Background on what the code below purports to do: the solution I’m trying to implement is a simple regular expression parser. This is not a full-out regex parser. My needs are only to be able to locate particular named groups inside a regular expression and replace some of the named groups’ contents with other contents. So basically I’m just running through a regular expression and keeping track of named groups I find. I also keep track of unnamed groups, since I need to be aware of parenthesis matching, and comments, so that commented parentheses don’t upset paren-matching. A separate (and as-of-yet unimplemented) piece of code will reconstruct a string containing the regex after taking into account the replacements.
I greatly appreciate any suggestions of what might be afoot; I’m baffled!
Example Solution
Here is a Visual Studio 2010 Solution (TAR format) containing all the code I discuss below. I have the error when running this solution (with the unit test project “TestRegexParserLibTest” as the Startup Project.) Since this seems to be such a sporadic error, I’d be interested if anyone else experiences the same problem.
Code
I use some simple classes to organize the results:
// The root of the regex we are parsing
public class RegexGroupStructureRoot : ISuperRegexGroupStructure
{
public List<RegexGroupStructure> SubStructures { get; set; }
public RegexGroupStructureRoot()
{
SubStructures = new List<RegexGroupStructure>();
}
public override bool Equals(object obj) { ... }
}
// Either a RegexGroupStructureGroup or a RegexGroupStructureRegex
// Contained within the SubStructures of both RegexGroupStructureRoot and RegexGroupStructureGroup
public abstract class RegexGroupStructure
{
}
// A run of text containing regular expression characters (but not groups)

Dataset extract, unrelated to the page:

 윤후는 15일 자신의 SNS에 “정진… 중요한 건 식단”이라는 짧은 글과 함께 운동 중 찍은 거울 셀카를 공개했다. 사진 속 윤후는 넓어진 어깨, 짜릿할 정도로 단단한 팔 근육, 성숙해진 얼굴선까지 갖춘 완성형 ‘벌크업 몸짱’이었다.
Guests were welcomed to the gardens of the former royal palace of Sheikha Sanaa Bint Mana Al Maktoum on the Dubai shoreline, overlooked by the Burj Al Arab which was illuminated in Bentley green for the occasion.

public class RegexGroupStructureRegex : RegexGroupStructure
{
public string Regex { get; set; }
public override bool Equals(object obj) { ... }
}
// A regular expression group
public class RegexGroupStructureGroup : RegexGroupStructure, ISuperRegexGroupStructure
{
// Name == null indicates an unnamed group
public string Name { get; set; }
public List<RegexGroupStructure> SubStructures { get; set; }
public RegexGroupStructureGroup()
{
SubStructures = new List<RegexGroupStructure>();
}
public override bool Equals(object obj) { ... }
}
// Items that contain SubStructures
// Either a RegexGroupStructureGroup or a RegexGroupStructureRoot
interface ISuperRegexGroupStructure
{
List<RegexGroupStructure> SubStructures { get; }
}
Here’s the method (and associated enum/static members) where I actually parse the regular expression, returning a RegexGroupStructureRoot that contains all the named groups, unnamed groups, and other regular expression characters that were found.

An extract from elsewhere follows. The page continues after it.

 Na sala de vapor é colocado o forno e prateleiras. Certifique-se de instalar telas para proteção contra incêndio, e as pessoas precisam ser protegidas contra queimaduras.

using Re = System.Text.RegularExpressions
enum Mode
{
TopLevel, // Not in any group
BeginGroup, // Just encountered a character beginning a group: "("
BeginGroupTypeControl, // Just encountered a character controlling group type, immediately after beginning a group: "?"
NamedGroupName, // Reading the named group name (must have encountered a character indicating a named group type immediately following a group type control character: "<" after "?")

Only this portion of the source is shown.